3,4-dihydro-2,5,7,8-tetramethyl-2-(4,8,12-trimethyltridecyl)-2H-benzopyran-6-yl acetate

Administrative data

Link to relevant study record(s)

Description of key information

Key value for chemical safety assessment

Additional information

After oral administration of DL-Alpha-Tocopheryl acetate (4 ml emulsion with 2 mg DL-Alpha-Tocopheryl acetate and 50 μC of d, l-α-tocopheryl-1’,2’-3H2-acetate) to rats.

DL-Alpha-Tocopheryl acetate is extensively metabolised by rat tissues.

The adrenals, ovaries, adipose tissue and heart appeared to extract vitamin E from the blood for up to 48 hours postabsorptively. The metabolite most abundantly occurring under these conditions was alpha-tocopheryl quinone. In the adrenal glands, however, the most highly labeled compound was unesterified tocopherol. The authors concluded that the adrenal tissue played a definite role in the metabolism of vitamin E. (Gallo-Torres, 1971). From these data on oral uptake, the oral absorption is set at 100% (regardless the vehicle).

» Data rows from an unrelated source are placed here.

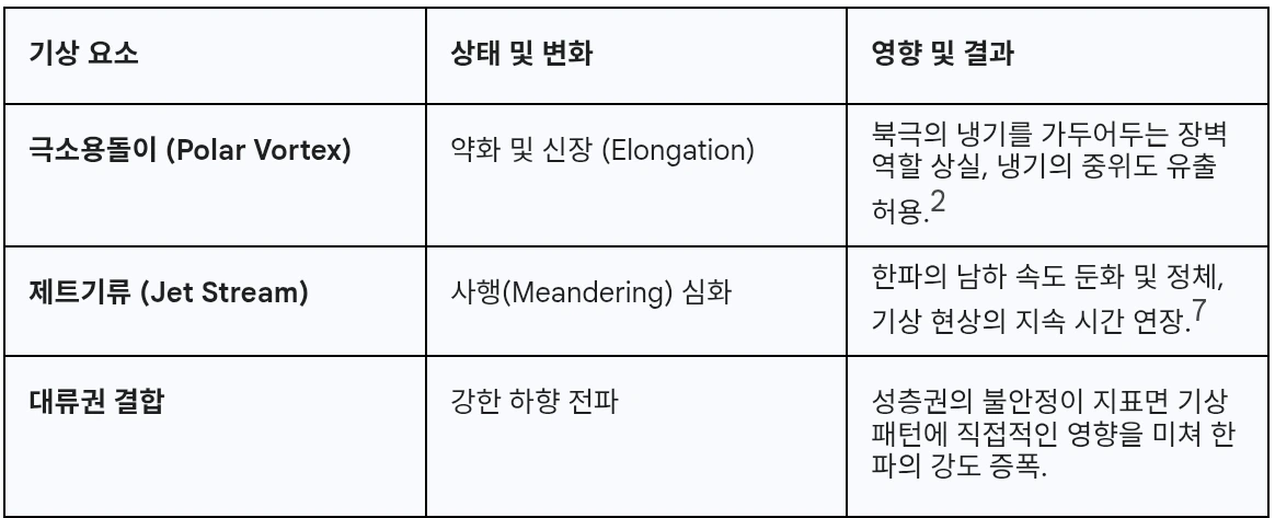 극소용돌이가 둥근 형태를 유지하며 빠르게 회전할 때는 찬 공기가 북극권에 갇혀 있지만, 이번 경우처럼 소용돌이가 약화되어 길게 늘어지거나 쪼개질 경우, 그 틈을 타고 영하 30~40도에 육박하는 냉기 덩어리가 미국 본토 깊숙이 침투하게 됩니다. '펀(Fern)'은 바로 이 떨어져 나온 냉기 덩어리(Cold Core)가 멕시코만에서 유입된 다량의 수증기와 충돌하면서 발생했습니다.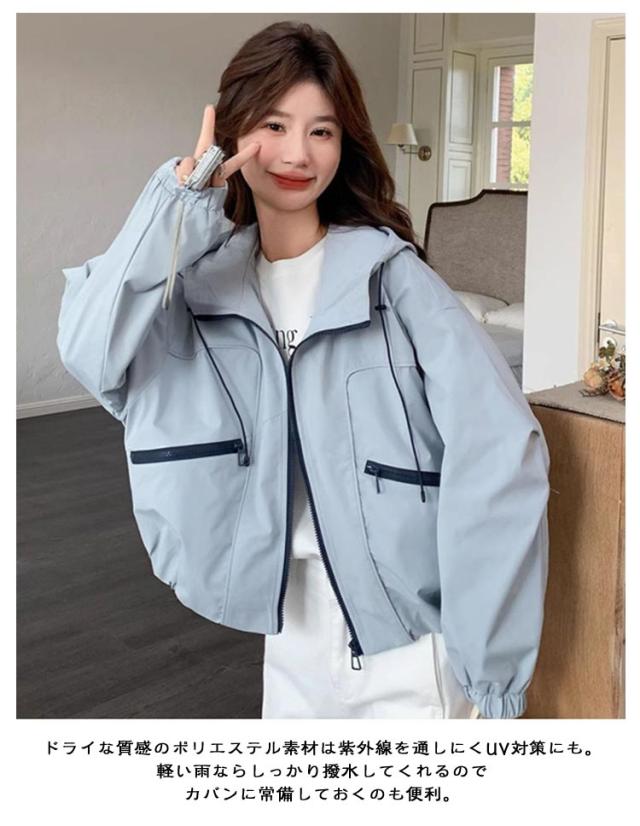 マウンテンパーカー 可愛い ジャケット レディース ウインドブレーカー レディース アウター 春 ミドル丈 薄手 マウンテンパーカー レインコート フード付き 通気 軽量 ブルゾン 防風 防花粉 アウトドア スポーツ 日常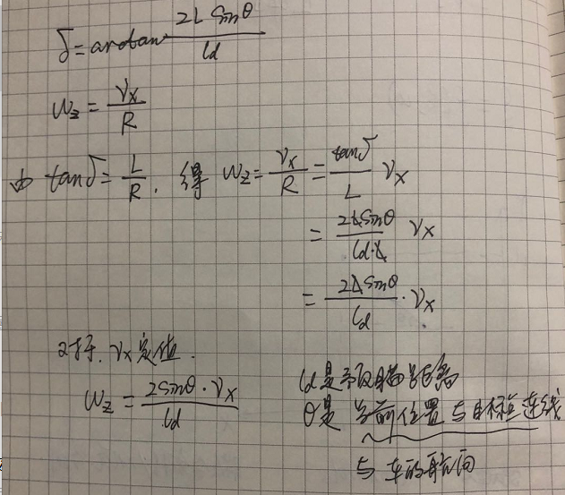 轨迹跟踪方法采用无人车控制理论中比较常用的控制方法,纯跟踪算法。理论推导:本次小海龟路径跟踪算法采用纯跟踪算法(Pure Pursuit),推导过程见无人驾驶车辆控制(三):纯跟踪算法(Pure Pursuit)这里直接写出结论:对于两轮汽车,也就是自行车模型
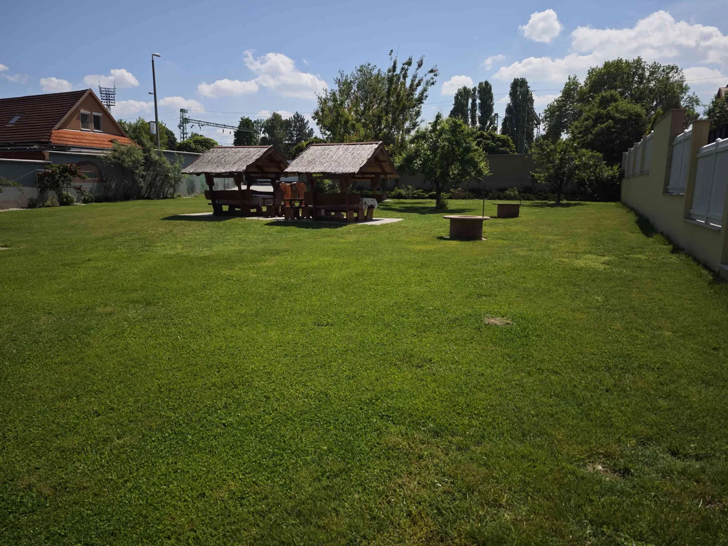 A telek, amelyen m2 +dupla garázs van négyszögöl, tavaly évig tökéletesen rendbe tartott kert volt minimális konyha kert (eper, málna, ribizli, csemege szőlő) résszel. Jelenleg próbáljuk rendbe tartani, de nem megy. Szükség van permetezésre, metszésre, kevés kapálásra. Hátsó rész kútból kap locsoló vizet, a hát előtt, automata rendszer locsolja a füvet. Leylandi ciprus bókrok 3 m magasak védik a belátást a szomszéd hát felől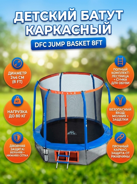 Батут с сеткой DFC JUMP BASKET 8FT-JBSK-B - ДоставкаДоставка по Москве: бесплатно, 1-2 дняДоставка по Санкт-Петербургу: бесплатно, 2-3 дня Доставка по России: стоимость уточняйте у оператора. Батут с сеткой DFC JUMP BASKET 8FT-JBSK-B - Отзывы5.0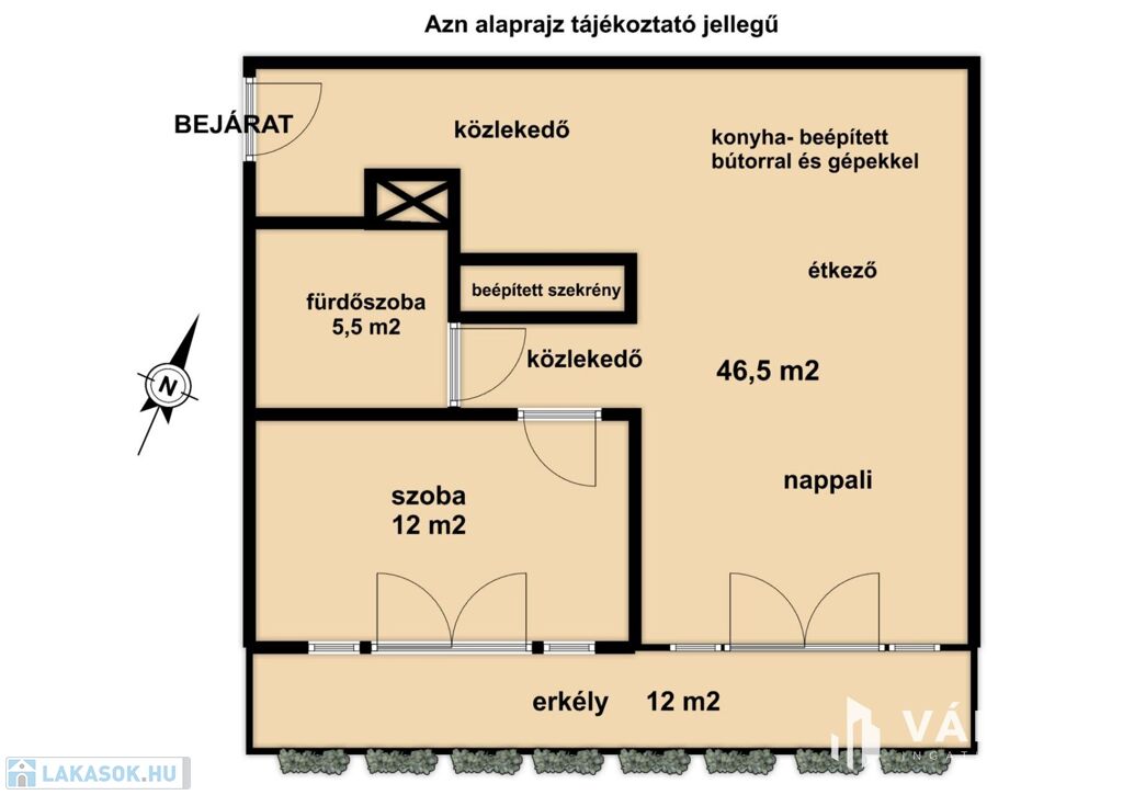 A lakás keleti tájolású, 59 m2 és egy 12 m2-es erkély tartozik hozzá.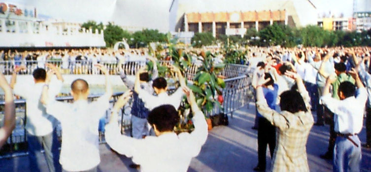 历史图片:法轮功学员大型炼功场面(河北石家庄)(图)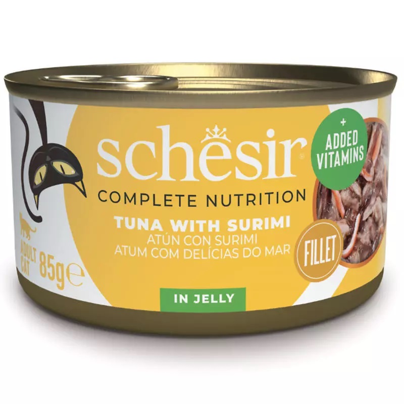 [$360/24罐]Schesir 貓罐頭(主食) 啫喱系列 吞拿魚蟹肉 85g (黃)(新包裝)[斷貨中, 預計2026.1月初到貨, 可預訂等貨到]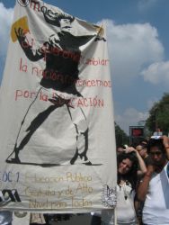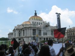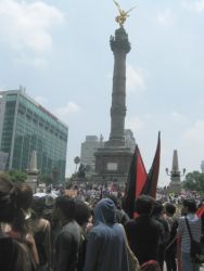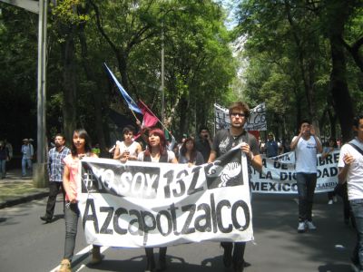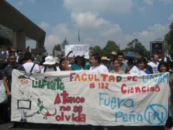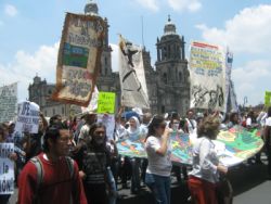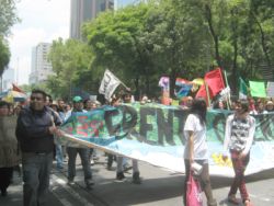 Sin lugar a duda, la energía más vital y efervescente de la marcha en el DF se sentía en los contingentes estudiantiles. Al responder a la pregunta sobre sus motivos para participar en la marcha, algunos estudiantes dijeron que su meta principal es impedir que Peña Nieto ascienda a la presidencia. “Pero hace falta mucho más gente en las calles,” dijo una compañera de la UNAM. “Somos miles pero hacen falta millones”. Un compañero del Oriente de la ciudad opina que “Peña Nieto es el personaje que nadie aguanta pero en realidad estamos en contra de todo el sistema de poder y dinero que él representa y esto incluye los medios. Ahora un periódico en Inglaterra, se llama el Guardian, sacó pruebas de cómo le pagaron millones a Televisa para promoverlo como candidato. ¿Por qué ningún periódico en México hace este tipo de investigación? Claro, sería un gran riesgo. Aquí matan a muchos periodistas”. Una compañera del IPN dice: “No sé si podemos evitar que sea Presidente, pero por lo menos lo estamos debilitando. También tenemos que pensar en qué va a pasar después de la toma de poder, sea quien sea el próximo presidente. Para mí es importante que nos estamos organizando mejor para hacer cambios”.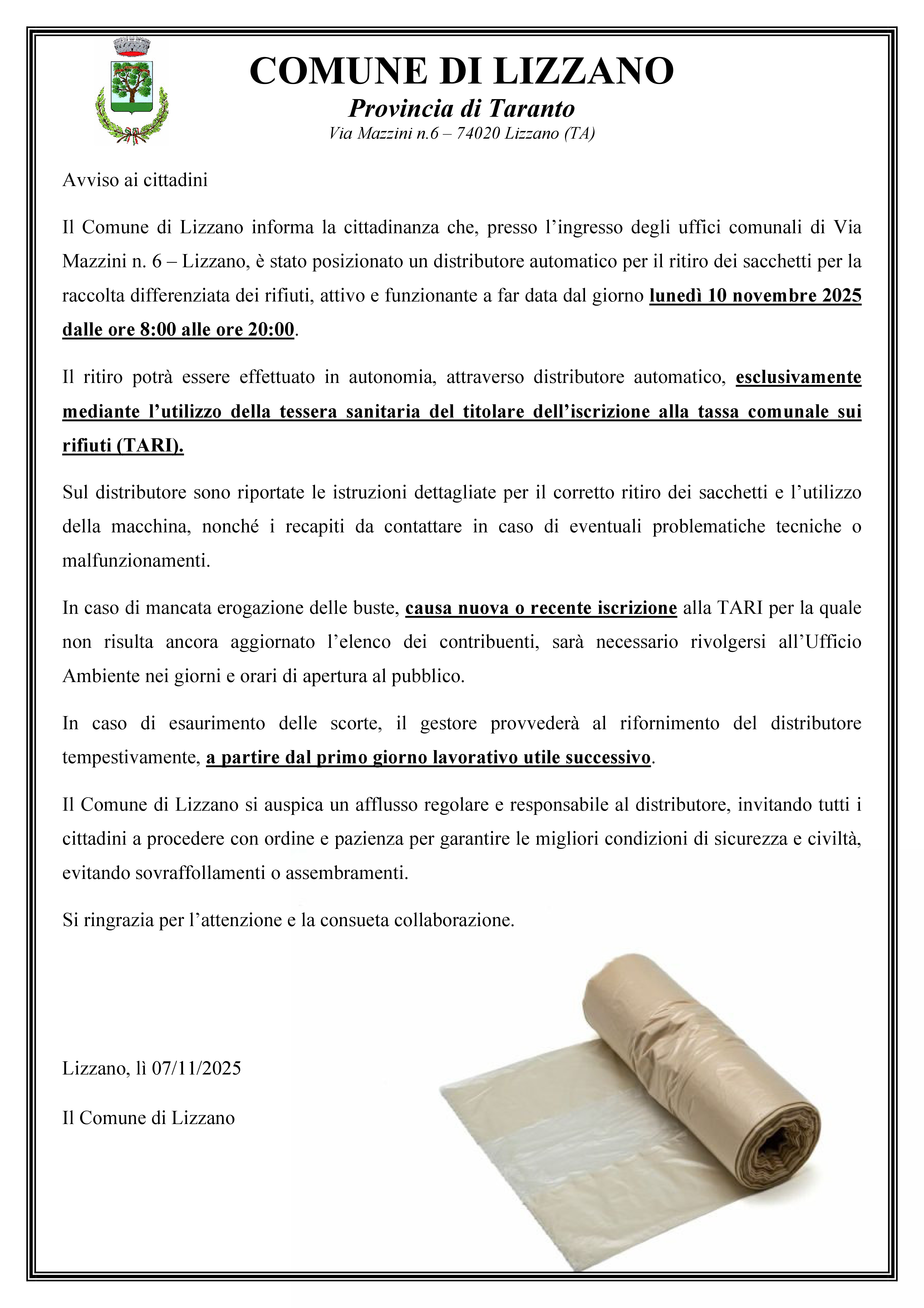 Il Comune di Lizzano informa la cittadinanza che, presso l’ingresso degli uffici comunali di Via Mazzini n. 6 – Lizzano, è stato posizionato un distributore automatico per il ritiro dei sacchetti per la raccolta differenziata dei rifiuti, attivo e funzionante a far data dal giorno lunedì 10 novembre 2025 dalle ore 8:00 alle ore 20:00.

Thirty minutes after intravenous administration of DL-Alpha-Tocopheryl acetate

(1 ml emulsion with 136 I. U. unlabeled DL-Alpha-Tocopheryl acetate and 25 μC of DL-Alpha-Tocopheryl-1’,2’-3H2-acetate) to rats, 96% of the chromatographed radioactivity was due to unchanged DL-Alpha-Tocopheryl acetate. Forty eight hours after injection, only 8% of the chromotographed radioactivity found in plasma corresponded to DL-Alpha-Tocopheryl acetate as such. At this period 16% was due to unesterified tocopherol and 64% to tocopheryl quinone. Most of the radioactivity accumulated in the liver. In the liver, DL-Alpha-Tocopheryl acetate, is rapidly and extensively hydrolysed: 48 hours after injection only 2.8% of the chromatographed radioactivity was due to the injected DL-Alpha-Tocopheryl acetate. Also the spleen and lung tissues metabolized DL-Alpha-Tocopheryl acetate extensively. Whereas the skeletal muscle, adipose tissue, small intestine, adrenals and ovaries showed a gradual increase in radioactivity in time, the uptake of the brain and pituitary was very slow compared to that of other organs. After i. v. administration only traces of DL-Alpha-Tocopheryl acetate in the small intestine were observed. The authors conclude that the intestine of the rat is able to hydrolyze DL-Alpha-Tocopheryl acetate almost completely (Gallo-Torres, 1971)

Dermal absorption

In an in vitro skin absorption test (similar to OECD 428, non-GLP) , it is concluded that Vitamin-E-Acetate-3H penetrates into and through intact and stripped pig skin (Csato and Klecak, 1995). The total skin penetration rates of Vitamin E acetate 3H from 3 alpha-hydroxy-acid creams were time-, formulation type- and skin condition-dependent, although not significantly different. The percutaneous absorption observed was in the range of 1.1 – 4.2 %, tested at 1h, 6h and 18h exposure with 3 different formulations (nominal dose 5%). The dermal absorption is set at 5%.